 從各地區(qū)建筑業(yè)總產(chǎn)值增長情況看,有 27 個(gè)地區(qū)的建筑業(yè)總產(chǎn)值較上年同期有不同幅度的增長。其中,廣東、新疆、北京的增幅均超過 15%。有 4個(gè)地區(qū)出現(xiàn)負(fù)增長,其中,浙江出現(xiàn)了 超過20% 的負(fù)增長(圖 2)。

*****

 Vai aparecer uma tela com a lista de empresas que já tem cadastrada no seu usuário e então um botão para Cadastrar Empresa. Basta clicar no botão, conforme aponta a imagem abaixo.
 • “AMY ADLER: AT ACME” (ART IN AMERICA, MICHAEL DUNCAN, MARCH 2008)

*****

> EXERCISE PROMPT: Print, without alteration, only the lines above between the one holding "Vai aparecer uma" and the one holding "MICHAEL DUNCAN, MARCH 2008)", inclusive.

> ANSWER TO THIS PROBLEM:
 Vai aparecer uma tela com a lista de empresas que já tem cadastrada no seu usuário e então um botão para Cadastrar Empresa. Basta clicar no botão, conforme aponta a imagem abaixo.
 • “AMY ADLER: AT ACME” (ART IN AMERICA, MICHAEL DUNCAN, MARCH 2008)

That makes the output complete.